Prima dell'acquisto: hai le idee chiare?

I giocattoli anni '80 hanno aperto la strada a quelli dei giorni nostri, introducendo personaggi ispirati ai cartoni animati con cui i bambini potessero immedesimarsi. Non sono, però, mancati scandali legati a giocattoli pericolosi, sia a causa della scarsa qualità dei materiali costruttivi utilizzati che per l’impiego di componenti troppo minuti. Col tempo le grandi aziende si sono impegnate a produrre oggetti più sicuri, la cui qualità è via via cresciuta. Inoltre, la loro messa in vendita è oggi vincolata a regole estremamente ferree. Ecco di seguito riassunti gli elementi chiave della nostra guida:

Prezzo
In apertura, abbiamo inserito la consueta valutazione sul prezzo di vendita degli articoli. Premettendo che l'acquisto online ci permette quasi sempre di risparmiare, abbiamo selezionato i giocattoli migliori suddividendoli in tre fasce di prezzo: economica (entro 30 euro), media (da 30 a 100) e alta (oltre 100 euro).

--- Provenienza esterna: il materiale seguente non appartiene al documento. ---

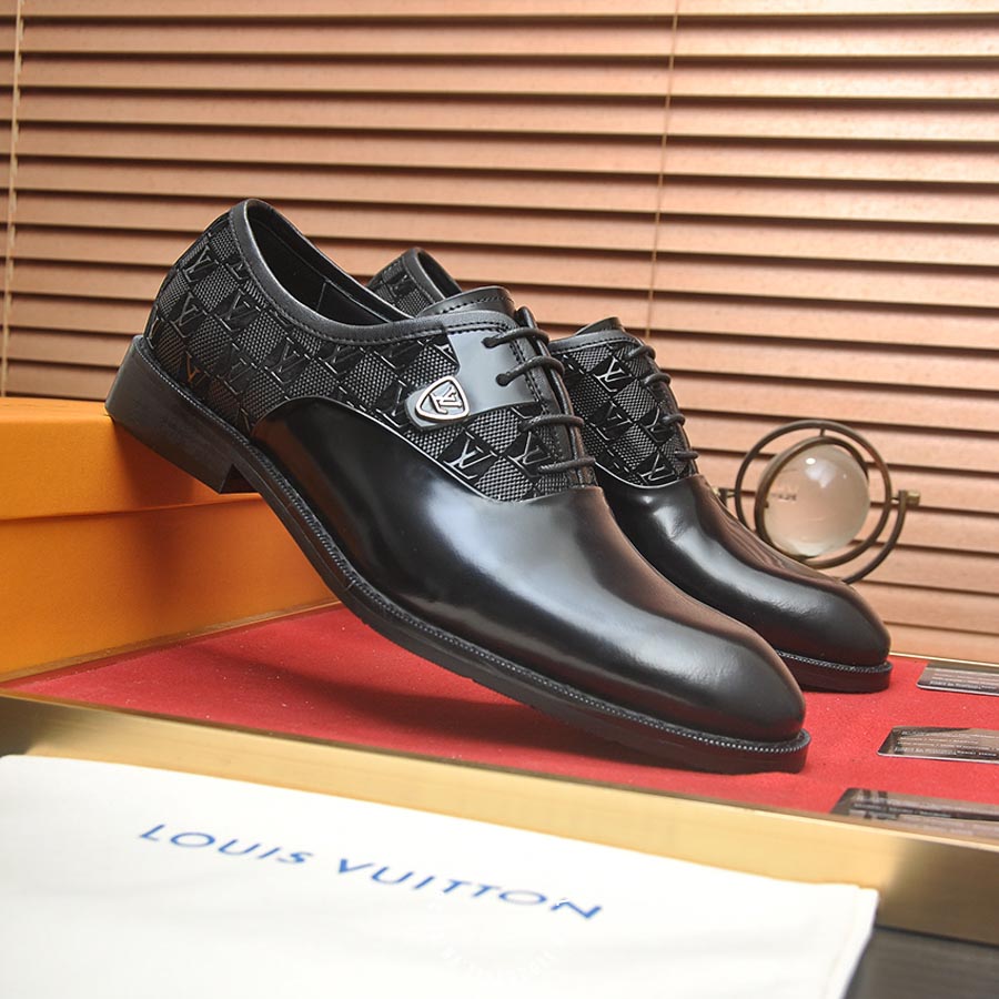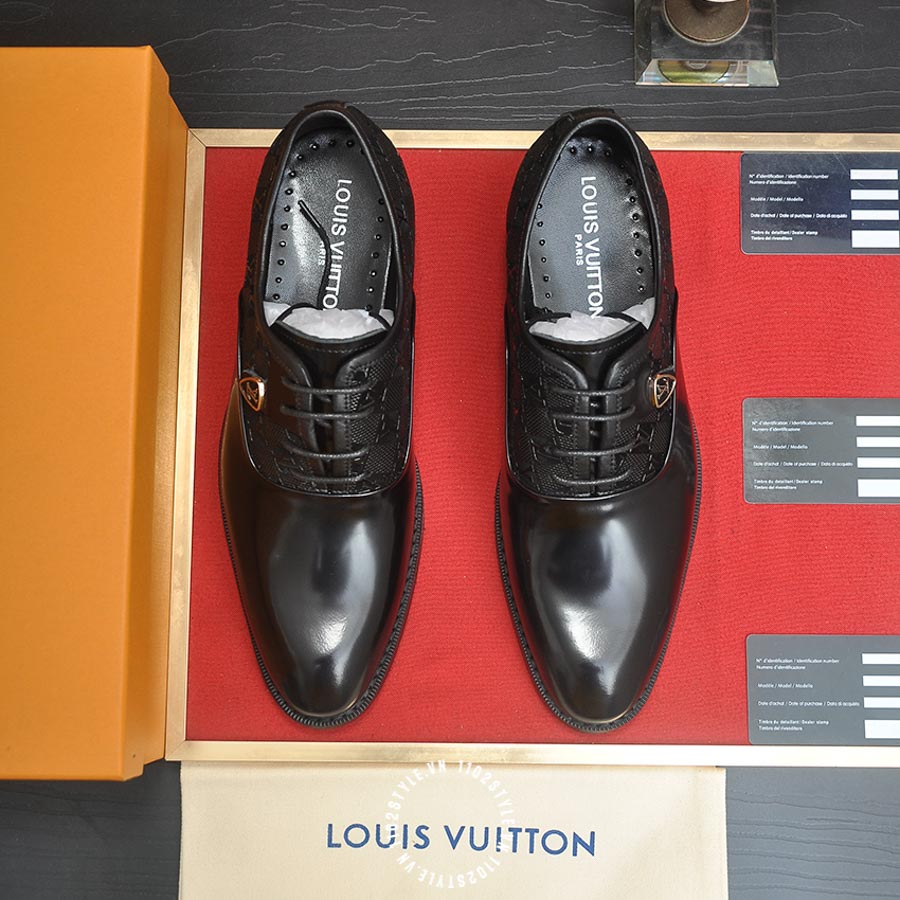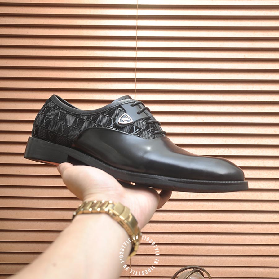 Giày tây LV da trơn màu đen hàng hiệu HUHU06
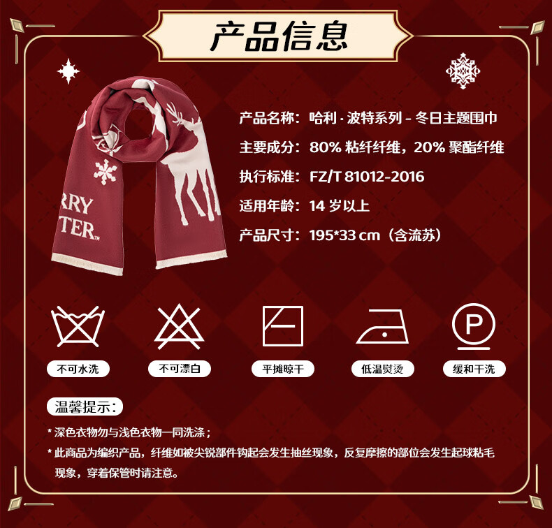 哈利·波特 冬日主题围巾 赫敏哈利波特围巾围脖电影周边冬季保暖新年礼物 赫敏·格兰杰款
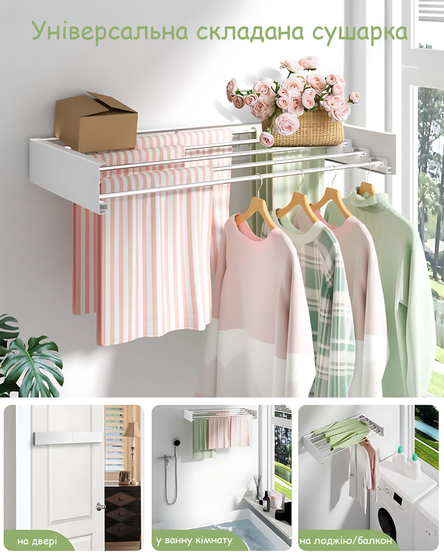 Открылась — сушит! Закрылась — и будто её не было! Никаких громоздких конструкций, путаницы со шнурами и перекошенных верёвок.
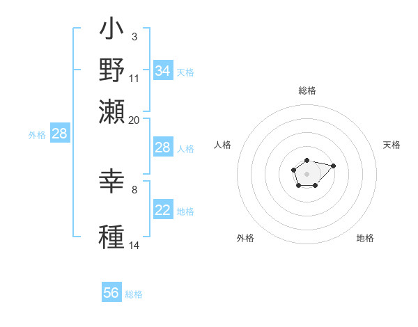 小野瀬 幸種さんを姓名の画数から五運を鑑定
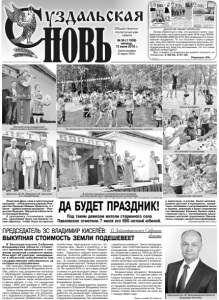 Газета основана 21 марта 1918 г. № 56 (11909) пятница, 13 июля 2018 г. Общественно политическая газета ДА БУДЕТ ПРАЗДНИК! Под таким девизом жители старинного села Павловское отметили 7 июля его 690-летний юбилей. В Законодательном Собрании Владимирской области готовится к принятию законопроект о снижении выкупной стоимости земли. Речь идет об участках, находящихся в областной собственности или государственная собственность на которые не разграничена. Как пояснил председатель Законодательного Собрания Владимир Киселёв, работа над документом началась с обращений граждан и местных депутатов. В ходе выездных дней Заксобрания в районы люди неоднократно ставили вопрос о том, что нынешние ставки - 60% для граждан и 100% для предпринимателей - слишком высоки. Семья Семдьяновых из Судогодского района среди тех, кто столкнулся с подобной ситуацией. В 2013 году супруги решили обзавестись личным хозяйством. Арендовали участок, построили дом. «Было и хлопотно, и затратно, - вспоминает Ирина Семдьянова. - Пришлось собрать много документов, оплатить работы по межеванию и другие необходимые процедуры». В стройку Семдьяновы вложили материнский капитал. Теперь владельцы дома задумались и о выкупе участка. Но сумма в 60% от его кадастровой стоимости для молодой семьи оказалась неподъемной. Сейчас, после принятия нового закона, вопрос о выкупе земельного участка может решиться в ближайшее время. Как пояснил председатель Законодательного Собрания Владимир Киселёв, соответствующий документ разработан по инициативе губернатора Светланы Орловой. Она полностью поддержала введение так называемых «земельных каникул». Закон предусматривает для собственников зданий и сооружений, расположенных на участке, снижение ставки со 100% до 50% от кадастровой стоимости, а для граждан - с 60% до 25%. Рабочая группа, в течение полугода изучавшая и анализировавшая ситуацию, пришла к выводу, что такое решение обосновано и экономически оправдано. Комментируя документ, Владимир Киселёв отметил, что данная мера не только поможет жителям, но и положительно скажется на наполняемости местных бюджетов, поскольку доходы от продажи земельных участков зачисляются в казну муниципалитетов. Снижение ставки рассчитано на срок до 1 января 2022 года. Пресс-служба ЗС области. ПРЕДСЕДАТЕЛЬ ЗС ВЛАДИМИР КИСЕЛЁВ: ВЫКУПНАЯ СТОИМОСТЬ ЗЕМЛИ ПОДЕШЕВЕЕТ В Законодательном Собрании области Отмечали День села в престольный праздник – в Павловском церковь Рождества Пророка Иоанна Предтечи, а 7 июля – православный праздник – Рождество Пророка, Предтечи и Крестителя Господня Иоанна. К празднику готовились заранее, программа была составлена таким образом, чтобы было интересно и взрослым, и детям. Были запланированы детские аттракционы, аниматоры-затейники с разучиванием песен и играми, аквагрим и даже спортивная составляющая. Конечно, были и торжественная часть с чествованием заслуженных жителей-тружеников Павловского, концерт, дискотека и фейерверк. (Продолжение на 2 стр.) ДОРОГИЕ НАШИ ЧИТАТЕЛИ! Хотим обратиться к тем, кто выписал газету «Суздальская новь» на второе полугодие 2018 года: БОЛЬШОЕ СПАСИБО ВАМ ЗА ЭТО! Для редакции это значительная поддержка. Те, кто получает газету в редакции, кому доставляет ее редакционная рассылка, могут выписать ее на второе полугодие в любое время - ограничений нет. Еще раз
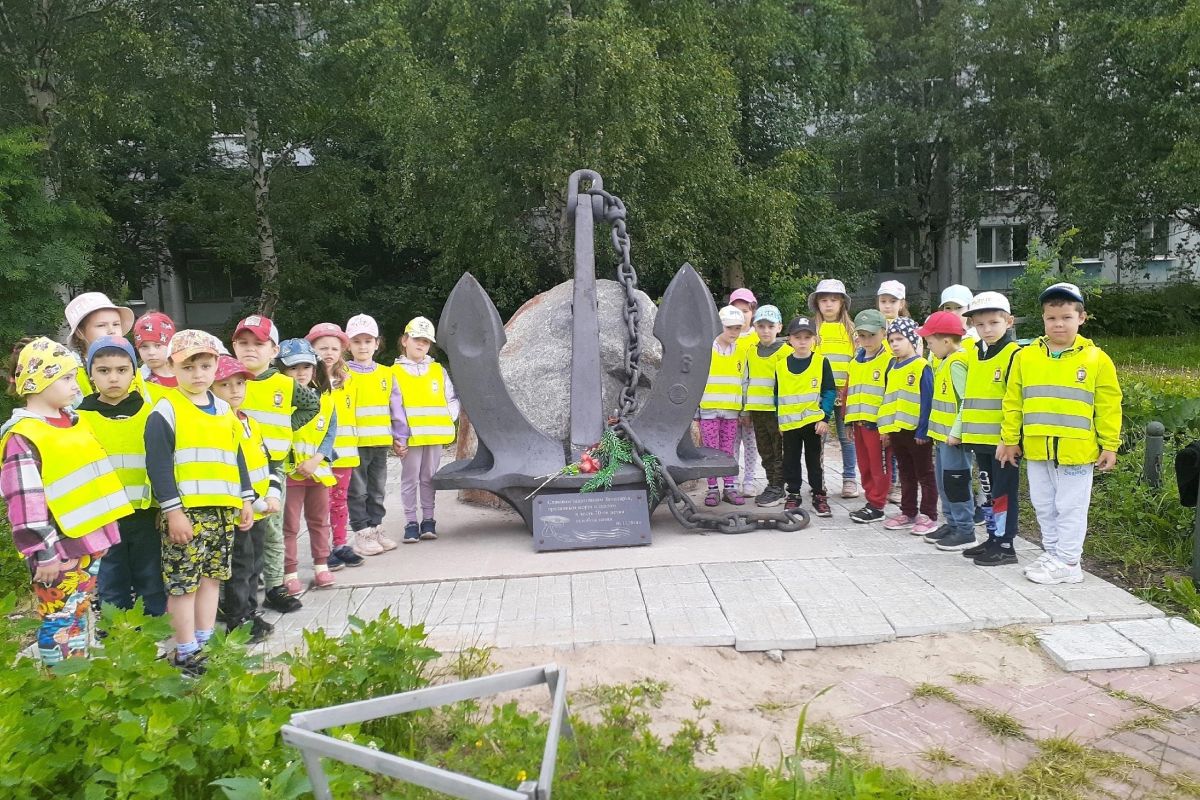 Первое памятное место, которое посетили ребята это памятный знак «Якорь». Они узнали, что мемориал посвящен «Славным защитникам Заполярья, преданным морю и скалам».

Normativa vigente e standard di sicurezza
Parte tutto da qui, dalla sicurezza, l'aspetto davvero imprescindibile dei giochi per bambini. E per garantirne standard elevati, è stato ideato un corpus di norme a livello europeo che potessero tutelare la salute dei più piccoli. Vedremo, quindi, quali sono le regole da rispettare per immettere un giocattolo in commercio affinché non rappresenti un pericolo per i bimbi.

Le fasce d'età
Uno degli aspetti più rilevanti da tenere d'occhio è la fascia d'età alla quale il giocattolo si rivolge. E proprio per questo, tale informazione deve per obbligo essere inserita nell'etichetta del prodotto o stampata sulla scatola. Sì perché, oltre a mostrarsi poco divertente, un giocattolo scelto senza tenere presente l'età del bimbo, potrebbe risultare pericoloso. Vedremo, quindi, quali sono le fasce principali e come si differenziano i giocattoli ad esse dedicati.

Per lui, per lei o unisex
La questione di genere per ciò che riguarda i giocattoli è abbastanza spinosa. I bambini, infatti, dovrebbero poter dare libero sfogo alla propria fantasia con i giochi che preferiscono, indipendentemente che siano indirizzati ad un pubblico maschile o femminile. Ma l'industria del giocattolo la pensa diversamente e tende a categorizzare in modo abbastanza netto, usando un approccio decisamente tradizionalista. Vedremo, quindi, secondo il mercato, quali sono i giocattoli più gettonati per lui e per lei. Senza perdere mai di vista quelli unisex come gli iconici LEGO e Playmobil.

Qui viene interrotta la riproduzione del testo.